The Disp function was my favorite. You could calculate something, call Disp, see the result, and the program would exit with a resounding Done. This was especially useful for having endless trilling walls of “Charlie is cool” on tap, a very useful asset in 7th grade Algebra!
That was my first mental model of data. Data lived somewhere simple. You touched it. You saw it. And touching it was the point, it was like play-doh. Nothing about that environment suggested that how you accessed data mattered. A read was a read. A write was a write. The rest was just syntax.
That model stuck with me longer than I realized.
Touching the data felt like the work
As I moved into more serious programming, the surface area grew, but the intuition stayed the same. The computer read bytes, parsed them, transformed them, then wrote results somewhere else. If something was slow, I assumed I was doing too much work with the data. Perhaps the algorithms were inefficient, or maybe there were extra copies I could optimize away if I were more deliberate. Performance problems felt like local problems.
Then I learned about pointers. The first time you really get references, it feels like you’ve discovered a trap door under the language. Before that, everything is values. You pass things around, they get copied, you mutate something and it changes here but not there. It’s all concrete, you can almost see it. Pointers break that in the best possible way.
Suddenly you can hold a thing that points to another thing. You can have two names for the same underlying data. You can pass something “by reference” and mutate it from somewhere else. You can build linked structures and avoid copies. You can make APIs that feel fast and elegant. It was the first time I felt like I had challenged the calculator model and won.
Oh. the data doesn’t have to move. The name can move.
And for a while, that felt like the whole secret.
I remember having that very specific kind of early confidence: not the bootcamp kind where you’re excited to learn, but the kind where you think you’ve finally uncovered the real rules, the hidden layer. The part that separates people who can code from people who understand what’s happening. The proverbial backroom in the noir film populated with a smoky silhouettes around a poker table, the secret club.
And it did open a door, it just wasn’t the last door.

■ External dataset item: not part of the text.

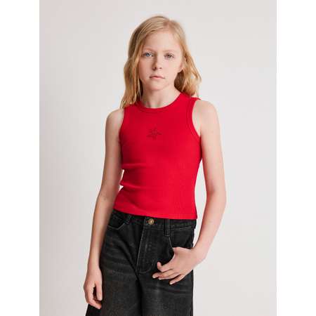 Детская майка-топ с открытой спиной для девочки-подростка представляет собой оригинальную и стильную модель для создания летних образов. Трикотажный топ выполнен из эластичной и дышащей хлопковой ткани, которая подходит для длительного ношения в жаркий летний день. Красная майка украшена рисунком из стразов, складывающихся в изображение морской звезды, который добавляет образу блеска и утонченности. Модель c горизонтальным вырезом по спинке смотрится стильно и оригинально, а также комфортно носится в жаркую погоду. Стилизуйте топ со свободными бермудами из денима, чтобы составить запоминающийся образ на каждый день.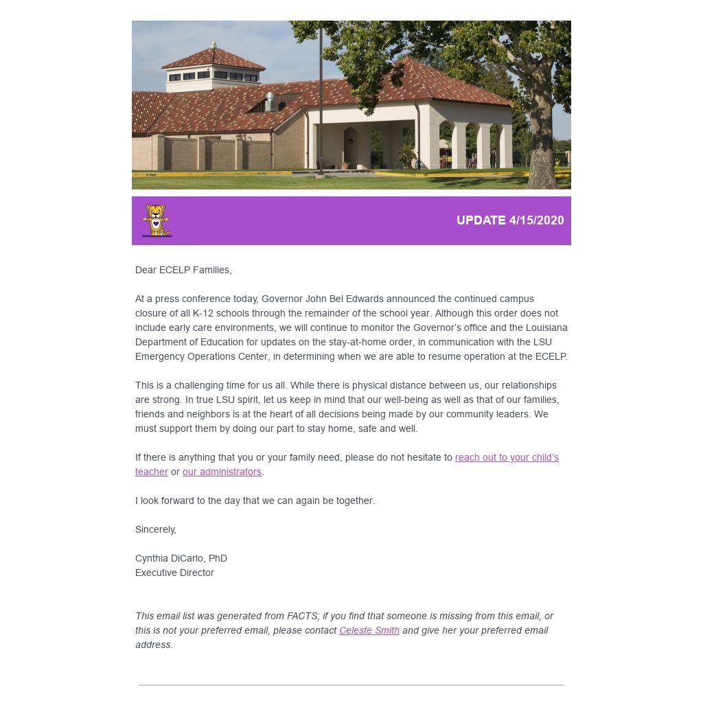 At a press conference today, Governor John Bel Edwards announced the continued campus closure of all K-12 schools through the remainder of the school year. Although this order does not include early care environments, we will continue to monitor the Governor’s office and the Louisiana Department of Education for updates on the stay-at-home order, in communication with the LSU Emergency Operations Center, in determining when we are able to resume operation at the ECELP.

Pointers taught me that “touching the data” wasn’t always necessary, but they also quietly reinforced the next assumption: that the important boundary was inside the language.
A read is not just a read
In the calculator world, a read was a read. There was no operating system. No protection boundaries. No distinction between where data lived and who was allowed to touch it.
Pointers were my first hint that the location of data mattered.
But on a real machine, location isn’t just a matter of heap vs stack or “did this allocate.” It’s a matter of privilege boundaries, address spaces, and what the kernel has to do to let you see anything at all.
- A read from a socket is not the same thing as a read from a file.
- A read that copies data into your address space is not the same thing as a read that hands ownership elsewhere.
- A read that wakes the kernel, switches privilege levels, and disrupts the CPU’s execution context is not interchangeable with one that doesn’t.
They all look like “reading bytes” in code, BUT they are not equivalent events in the system.
Once you see that, it becomes hard to unsee. And it forces a much less comfortable question: What if the slow part isn’t what I’m doing with the data… but the fact that I insist on touching it at all?
Pointers taught me that data didn’t always have to move. The lesson which was not as clear to me at the time was that seeing data has a cost even when data stays where it is. That distinction didn’t click for a long time, mostly because nothing in everyday programming forces you to confront it directly.
The machine does not experience it that way.
On a real system, the act of reading data often begins with an interruption, not a metaphorical one, a literal one. When user code asks the operating system to do something on its behalf, the CPU has to stop what it is doing, save its current state, and cross a protection boundary. Registers are written out, execution context is swapped, and privilege levels change. The instruction pipeline is disrupted so completely that the processor has to rebuild its momentum from scratch. All of this happens before a single byte of your payload is touched.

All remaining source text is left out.